--- START ---

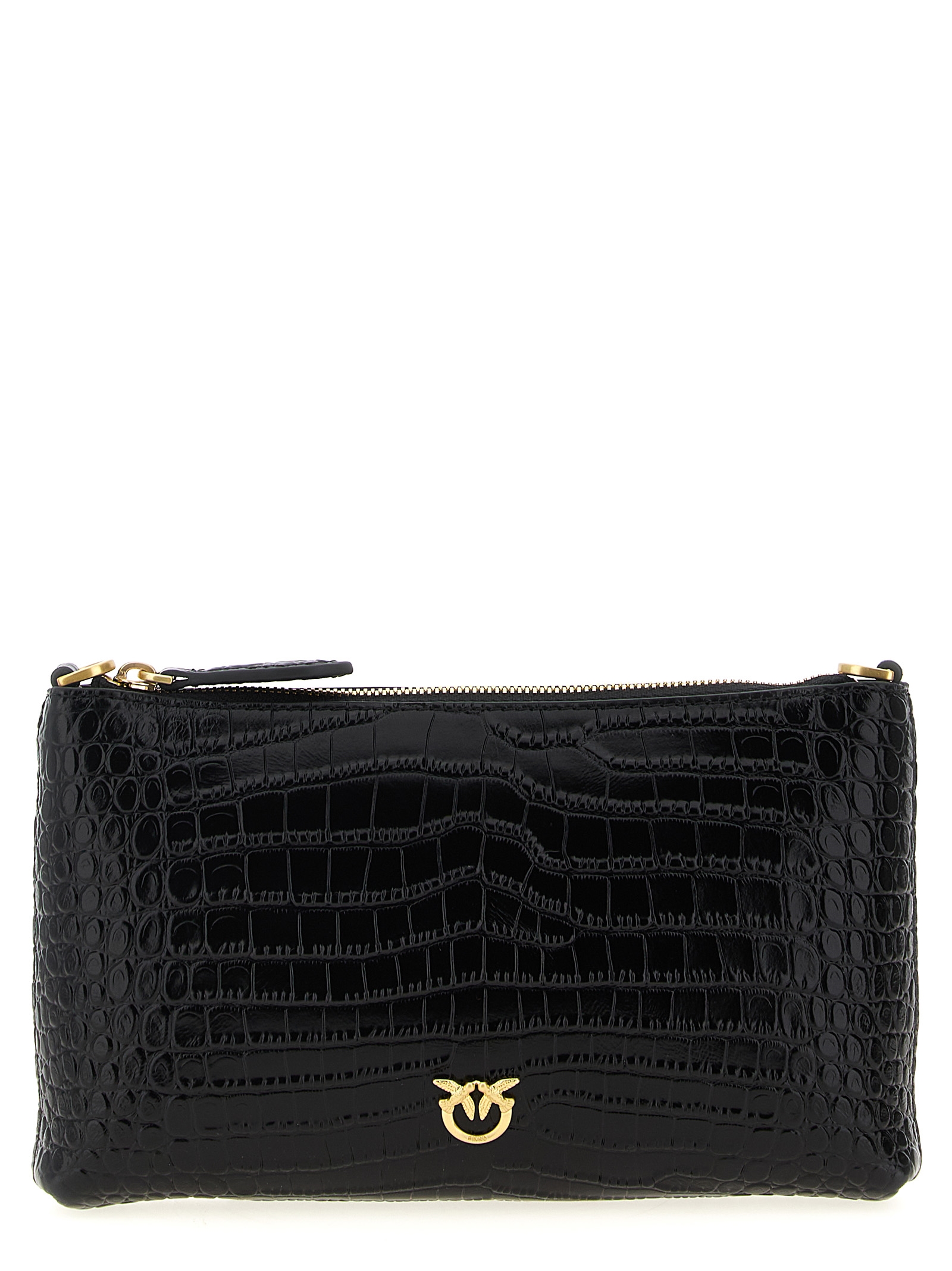'Flat Horizontal' mini crossbody bag in crocodile print leather, front metal 'Love Birds' logo, top zip closure, adjustable and removable shoulder strap, cotton lining.
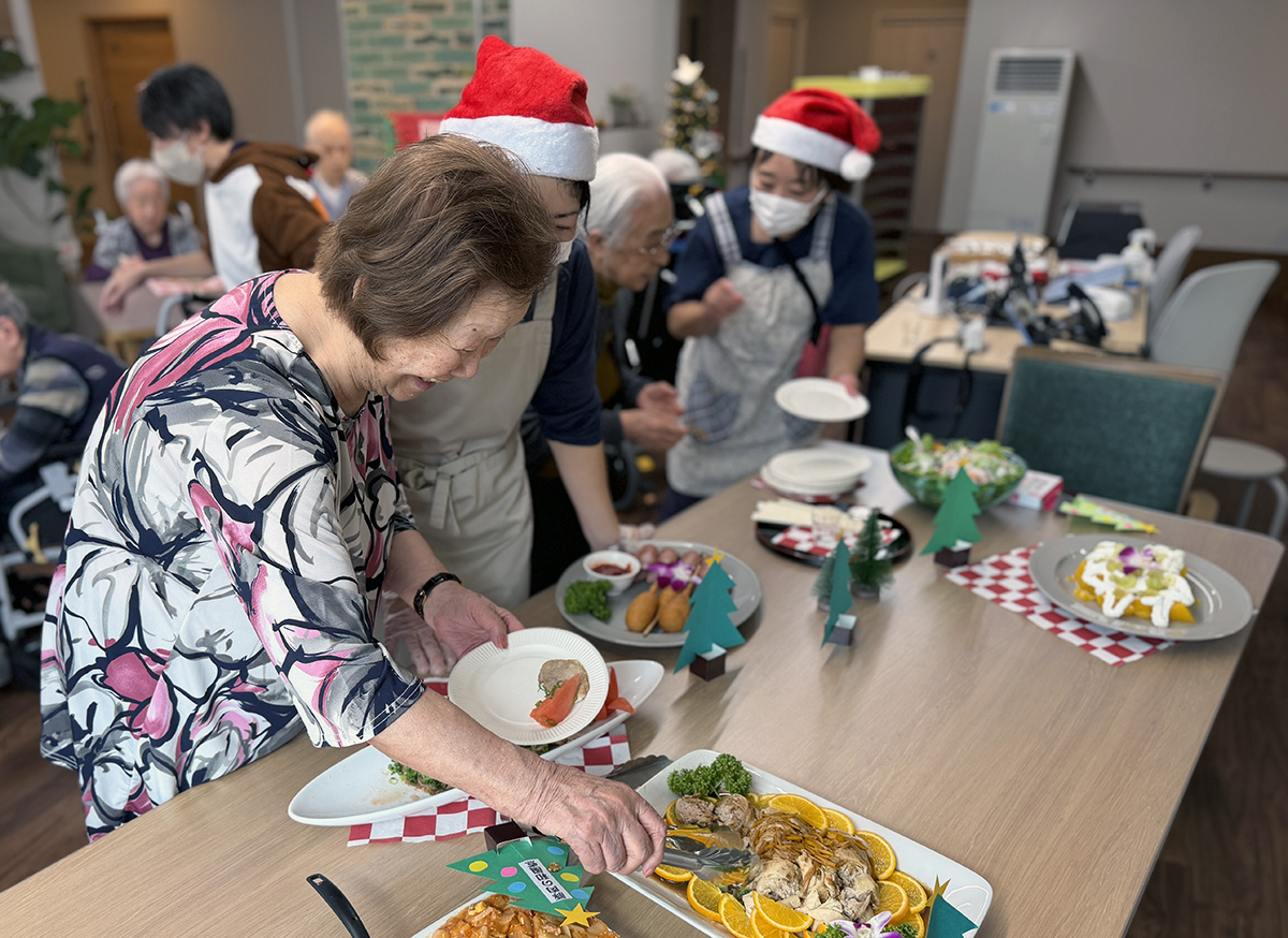 今年のクリスマスは、入居者様と厨房のコラボ企画をおこないました。
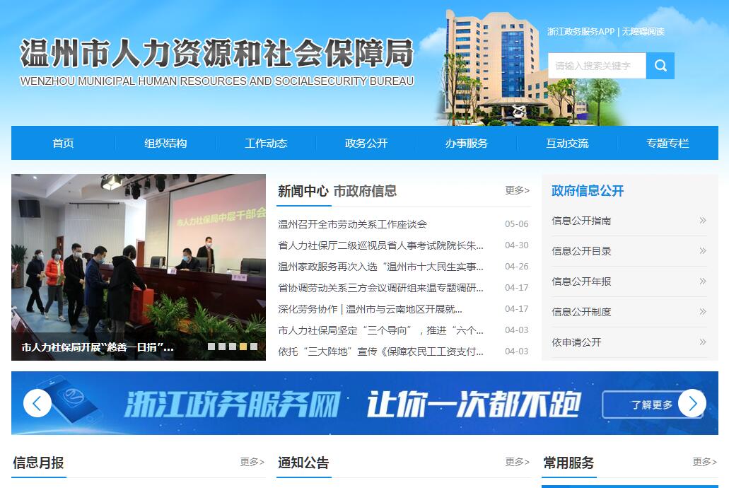 溫州市人力資源和社會(huì)保障局(以下簡(jiǎn)稱“溫州市人力社保局”)是主管全市人力資源和社會(huì)保障工作的市政府組成部門。其主要職責(zé)是:1.貫徹執(zhí)行黨和國家、省關(guān)于人力資源和社會(huì)保障工作的方針、政策和法律、法規(guī)、規(guī)章;起草人力資源和社會(huì)保障工作規(guī)范性文件草案,擬訂相應(yīng)的政策及實(shí)施辦法,并組織實(shí)施和監(jiān)督檢查。2.負(fù)責(zé)編制全市人力資源和社會(huì)保障事業(yè)發(fā)展規(guī)劃,擬訂機(jī)關(guān)企事業(yè)單位人事制度改革方案、勞動(dòng)和社會(huì)保障制度改革方案并組織實(shí)施;編制全市機(jī)關(guān)和市屬事業(yè)單位人員計(jì)劃,監(jiān)督檢查計(jì)劃執(zhí)行情況;負(fù)責(zé)全市人力資源和社會(huì)保障方面的統(tǒng)計(jì)工作。3.綜合管理全市人才開發(fā)工作,會(huì)同有關(guān)部門擬訂實(shí)施全市人才發(fā)展戰(zhàn)略、規(guī)劃和綜合性政策;負(fù)責(zé)指導(dǎo)和協(xié)調(diào)全市人才選拔、培養(yǎng)、引進(jìn)項(xiàng)目的組織實(shí)施;擬訂人力資源市場(chǎng)發(fā)展規(guī)劃和人力資源流動(dòng)政策,建立統(tǒng)一規(guī)范的人力資源市場(chǎng),促進(jìn)人力資源合理流動(dòng)、有效配置。4.負(fù)責(zé)促進(jìn)就業(yè)創(chuàng)業(yè)工作;擬訂統(tǒng)籌城鄉(xiāng)的就業(yè)發(fā)展規(guī)劃和政策,完善公共就業(yè)服務(wù)體系和就業(yè)援助制度;牽頭擬訂高校畢業(yè)生就業(yè)創(chuàng)業(yè)政策,負(fù)責(zé)高校和中等專業(yè)學(xué)校畢業(yè)生就業(yè)創(chuàng)業(yè)指導(dǎo)和服務(wù)工作;擬訂并組織實(shí)施失業(yè)保險(xiǎn)政策;建立健全就業(yè)、失業(yè)預(yù)測(cè)預(yù)警、監(jiān)控分析制度,保持就業(yè)形勢(shì)穩(wěn)定;完善職業(yè)技能資格制度,統(tǒng)籌建立面向城鄉(xiāng)勞動(dòng)者的職業(yè)技能培訓(xùn)制度。5.負(fù)責(zé)統(tǒng)籌城鄉(xiāng)的社會(huì)保障體系;擬訂城鄉(xiāng)社會(huì)保險(xiǎn)及其補(bǔ)充保險(xiǎn)政策和標(biāo)準(zhǔn),逐步提高基金統(tǒng)籌層次;擬訂全市社會(huì)保險(xiǎn)關(guān)系的轉(zhuǎn)續(xù)政策;會(huì)同有關(guān)部門擬訂社會(huì)保險(xiǎn)基金、社會(huì)保險(xiǎn)市級(jí)調(diào)劑金及補(bǔ)充社會(huì)保險(xiǎn)基金管理和監(jiān)督辦法,組織編制社會(huì)保險(xiǎn)基金預(yù)決算草案;組織實(shí)施社會(huì)保險(xiǎn)基金的預(yù)測(cè)預(yù)警分析,擬訂應(yīng)對(duì)措施;管理所屬社會(huì)保險(xiǎn)經(jīng)辦機(jī)構(gòu),負(fù)責(zé)社會(huì)保險(xiǎn)服務(wù)體系建設(shè);負(fù)責(zé)各類補(bǔ)充保險(xiǎn)相關(guān)內(nèi)容的審核和備案。6.會(huì)同有關(guān)部門擬訂機(jī)關(guān)企事業(yè)單位人員工資收入分配政策,建立機(jī)關(guān)企事業(yè)單位人員工資正常增長和支付保障機(jī)制;擬訂機(jī)關(guān)事業(yè)單位人員福利和離退休政策;推進(jìn)企業(yè)退休人員社會(huì)化管理;制定市屬事業(yè)單位工資總額和工資計(jì)劃管理政策,負(fù)責(zé)市屬機(jī)關(guān)事業(yè)單位人員和工資總額的管理和審核,負(fù)責(zé)企業(yè)職工工資的宏觀調(diào)控工作。7.會(huì)同有關(guān)部門指導(dǎo)全市事業(yè)單位改革和人事制度改革;擬訂事業(yè)單位人員和機(jī)關(guān)工勤人員管理政策;綜合管理事業(yè)單位人員的聘用、考核、培訓(xùn)、獎(jiǎng)懲以及公開招聘、崗位設(shè)置管理等工作;受市委、市政府委托,會(huì)同有關(guān)部門實(shí)施市級(jí)國資營運(yùn)公司人事管理有關(guān)工作。8.擬訂專業(yè)技術(shù)人員管理和繼續(xù)教育政策;牽頭推進(jìn)深化職稱制度改革,組織實(shí)施專業(yè)技術(shù)職業(yè)資格制度;負(fù)責(zé)專業(yè)技術(shù)人員的資格評(píng)價(jià)和資格考試工作;歸口管理博士后和留學(xué)人員來溫工作;擬訂高技能人才培養(yǎng)和激勵(lì)政策;會(huì)同有關(guān)部門擬訂農(nóng)村實(shí)用人才培養(yǎng)和激勵(lì)政策。9.負(fù)責(zé)全市引進(jìn)國(境)外人才智力工作,擬訂全市引進(jìn)國(境)外人才智力政策;負(fù)責(zé)全市外國專家及港澳臺(tái)專家的管理工作;歸口管理全市出國(境)培訓(xùn)工作;負(fù)責(zé)促進(jìn)國(境)外人才智力交流與合作工作;負(fù)責(zé)組織評(píng)選市“雁蕩友誼獎(jiǎng)”。10.會(huì)同有關(guān)部門擬訂軍隊(duì)轉(zhuǎn)業(yè)干部安置政策和安置計(jì)劃,并按管理權(quán)限組織實(shí)施;負(fù)責(zé)軍隊(duì)轉(zhuǎn)業(yè)干部教育培訓(xùn)工作;負(fù)責(zé)貫徹落實(shí)部分企業(yè)軍隊(duì)轉(zhuǎn)業(yè)干部解困和穩(wěn)定政策;負(fù)責(zé)自主擇業(yè)軍隊(duì)轉(zhuǎn)業(yè)干部管理服務(wù)工作。11.負(fù)責(zé)全市行政機(jī)關(guān)公務(wù)員綜合管理;會(huì)同有關(guān)部門完善公務(wù)員制度;擬訂有關(guān)人員調(diào)配政策和特殊人員安置政策;會(huì)同有關(guān)部門擬訂實(shí)施本市榮譽(yù)制度、政府獎(jiǎng)勵(lì)制度;組織開展政府公務(wù)員考核;受市政府委托管理市行政學(xué)院;承辦市政府人事任免手續(xù)。12.會(huì)同有關(guān)部門擬訂農(nóng)民工工作綜合性政策和規(guī)
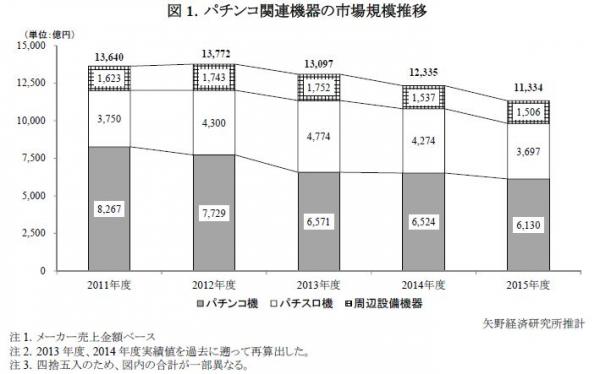 ◆2015年度のパチンコ関連機器の市場規模は1兆1,334億円、前年度比で91.9%
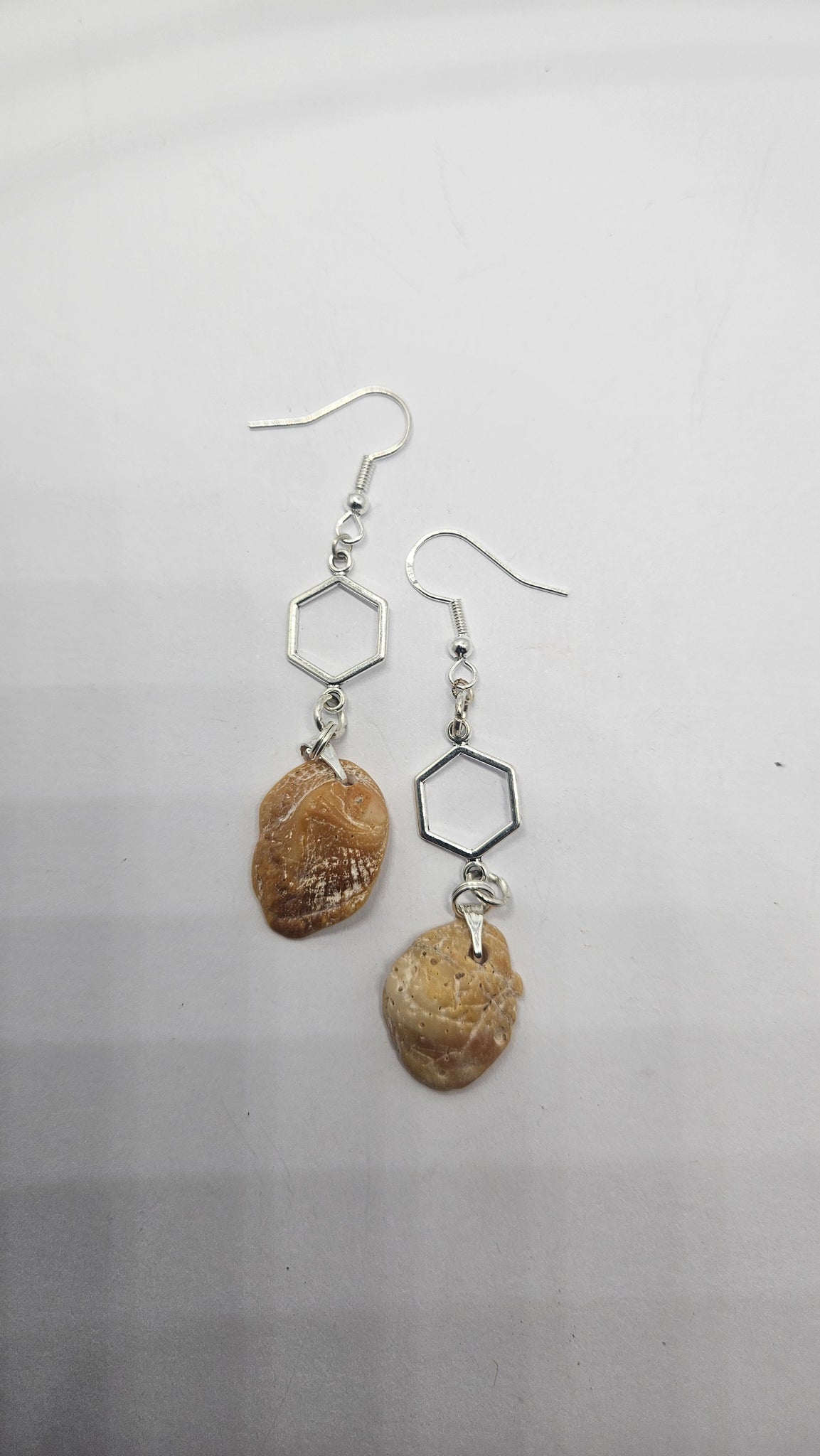 - Paire de boucle d'oreille avec ses crochets en argent sterling et ses fragments de coquillage poli par l'océan.
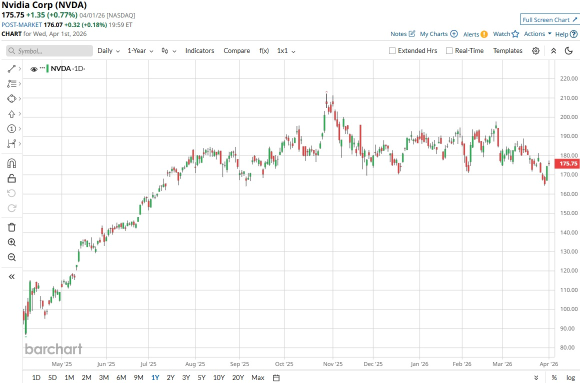 The stock is trading at $177.39 as of April 2, down 4.88% year-to-date (YTD) but up 60.65% over the past 52 weeks.
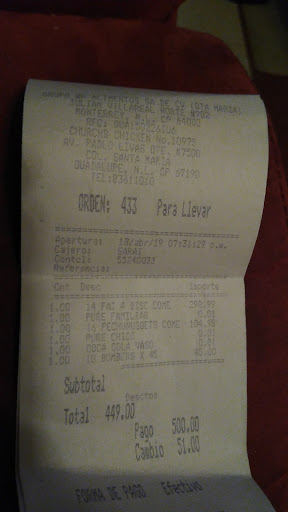 Read moreLes falta mucho aplicarse en el servicio. Pasa mucho cuando tienes prácticamente puro chavo. Por ejemplo, ves como el de la caja le pide a los de cocina que preparen x producto que se agotó. Y el de cocina platicando se molesta que lo interrumpan. Ah, pues ahora me tardo en hacerlas. Y en vez de 7 minutos que te prometieron en tener tu pedido se llevan 20, casi el triple! Pregunta: ¿no sé supone que alguien debe estar atento a que no falte producto para vender? ¿De que antes de que se agote ya se esté preparando el faltante? ¿O es política de la empresa que no se prepare nada a menos que...

--- END ---

- _What you are asked to do_
The line that contains "The stock is" begins the part to retype, and the last line of the records above ends it. Retype both and everything between, exactly, without the pictures.

- _Written solution_
 The stock is trading at $177.39 as of April 2, down 4.88% year-to-date (YTD) but up 60.65% over the past 52 weeks.
 Read moreLes falta mucho aplicarse en el servicio. Pasa mucho cuando tienes prácticamente puro chavo. Por ejemplo, ves como el de la caja le pide a los de cocina que preparen x producto que se agotó. Y el de cocina platicando se molesta que lo interrumpan. Ah, pues ahora me tardo en hacerlas. Y en vez de 7 minutos que te prometieron en tener tu pedido se llevan 20, casi el triple! Pregunta: ¿no sé supone que alguien debe estar atento a que no falte producto para vender? ¿De que antes de que se agote ya se esté preparando el faltante? ¿O es política de la empresa que no se prepare nada a menos que...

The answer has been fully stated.